WORK INSTRUCTIONS
Lines from the beginning of the material below through the line that has "吴冰在致辞中讲到,班级文化秀" are to be reproduced exactly, but pictures are not.

SUPPLIED MATERIAL

- - - -

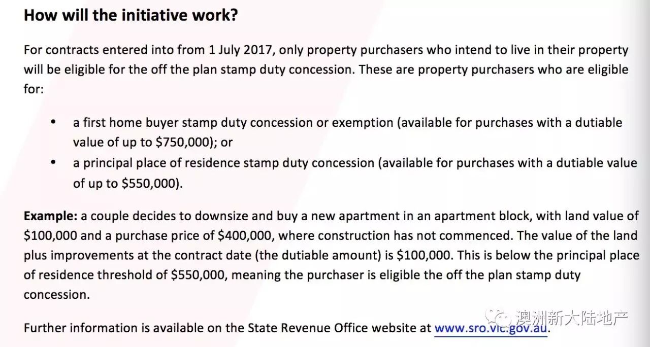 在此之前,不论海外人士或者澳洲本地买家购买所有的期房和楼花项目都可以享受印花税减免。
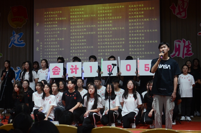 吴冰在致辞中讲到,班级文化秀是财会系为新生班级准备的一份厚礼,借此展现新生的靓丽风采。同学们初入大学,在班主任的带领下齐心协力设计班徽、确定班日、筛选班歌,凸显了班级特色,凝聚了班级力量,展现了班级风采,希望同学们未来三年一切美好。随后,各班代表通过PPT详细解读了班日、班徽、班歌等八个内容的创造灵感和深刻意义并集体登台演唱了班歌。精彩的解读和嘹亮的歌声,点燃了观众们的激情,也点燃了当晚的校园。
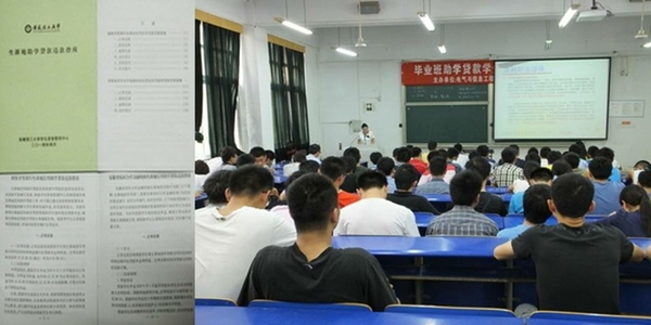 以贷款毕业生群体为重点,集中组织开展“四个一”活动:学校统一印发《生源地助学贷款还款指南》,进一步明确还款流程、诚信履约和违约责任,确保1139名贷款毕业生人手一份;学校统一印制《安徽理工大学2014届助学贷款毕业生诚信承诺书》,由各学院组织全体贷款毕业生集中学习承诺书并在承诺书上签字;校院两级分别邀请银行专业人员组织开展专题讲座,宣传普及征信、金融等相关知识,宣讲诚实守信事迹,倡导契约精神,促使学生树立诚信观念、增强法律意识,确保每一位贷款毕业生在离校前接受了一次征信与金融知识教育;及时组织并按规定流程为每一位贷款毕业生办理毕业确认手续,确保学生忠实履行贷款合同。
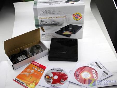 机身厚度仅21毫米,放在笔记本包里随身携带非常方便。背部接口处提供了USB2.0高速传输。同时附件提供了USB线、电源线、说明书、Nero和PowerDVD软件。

- - - -

EXPECTED ANSWER
 在此之前,不论海外人士或者澳洲本地买家购买所有的期房和楼花项目都可以享受印花税减免。
 吴冰在致辞中讲到,班级文化秀是财会系为新生班级准备的一份厚礼,借此展现新生的靓丽风采。同学们初入大学,在班主任的带领下齐心协力设计班徽、确定班日、筛选班歌,凸显了班级特色,凝聚了班级力量,展现了班级风采,希望同学们未来三年一切美好。随后,各班代表通过PPT详细解读了班日、班徽、班歌等八个内容的创造灵感和深刻意义并集体登台演唱了班歌。精彩的解读和嘹亮的歌声,点燃了观众们的激情,也点燃了当晚的校园。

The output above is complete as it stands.